World’s largest offshore drilling contractor Transocean, Inc. (RIG) is set to attend a hearing before a federal judge in New Orleans on February 14, 2013 related to the Gulf of Mexico oil spill in 2010. The federal judge will decide whether the criminal settlement of Transocean with the Justice Department can be accepted.
The Deepwater Horizon drilling rig that sank after an explosion on April 20, 2010 while operational on the Macondo exploration well proved fatal for 11 workers and leaked 4.9 million barrels of oil into the Gulf over 87 days, polluting shores from Texas to Florida. The drilling rig was leased by British energy major BP plc (BP) from Transocean. The incident was a major environmental disaster in the U.S. history. Last week, Transocean agreed to pay more than $1.4 billion as a settlement fee, which includes $400 million in criminal penalty and $1 billion plus interest in civil penalties. Moreover, the company also pleaded guilty to one misdemeanor count under the Clean Water Act.
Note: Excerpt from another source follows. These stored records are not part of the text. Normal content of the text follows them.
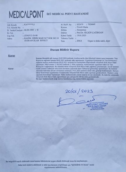 O bildirib ki, Kamran 2021-ci ildə bir dəfə ilik nəqli əməliyyatı keçirib.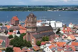 The Strelasund Crossing with its two bridges and several ferry services connects Stralsund with Rügen, the largest island of Germany and Pomerania.[4] The Western Pomeranian city is the seat of the Vorpommern-Rügen district and, together with Greifswald, Stralsund forms one of four high-level urban centres of the region.
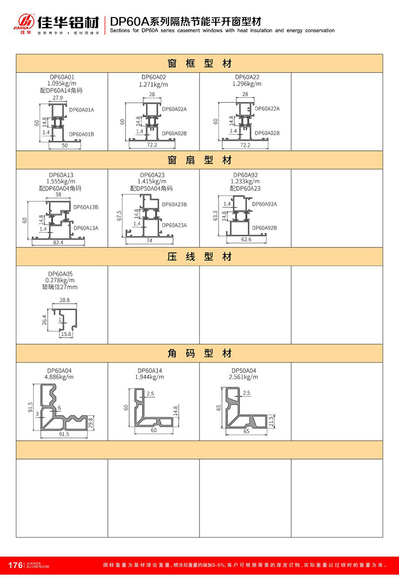 鋁型材規格型號:DP60A平開系列

Transocean will enter into its guilty plea deal on February 14, 2013 - scheduled by a U.S. District Judge named Jane Triche Milazzo. She will decide on that day whether the deal can be accepted. If the deal is rejected, Transocean can go for a trial by withdrawing its guilty plea. However, the company’s civil settlement with the federal government will be looked after by a different judge.
Switzerland-based Transocean is the leading provider of drilling management services worldwide. As of June 30, 2012, the company owned, had partial ownership interests in, or operated 130 mobile offshore drilling rigs. Transocean’s drilling fleet consists of 50 high-specification deepwater floaters, 25 mid-water floaters, 10 high specification jackups, 44 standard jackups, and one other rig utilized to support offshore drilling activities worldwide.
Transocean carries a Zacks Rank #3 (short-term Hold). For the long term, we maintain a Neutral recommendation on the company.
With less oil being discovered on land and with companies having to dig ever deeper to get to their reserves, Transocean is poised to benefit from a market with robust multi-year demand trends, given its technologically-advanced and versatile drilling fleet.
On the flip side, the introduction of new and more stringent regulations due to the oil spill will likely make deepwater drilling activity prohibitively expensive for exploration and production companies, making many projects marginal. This could reduce the demand for deepwater drilling.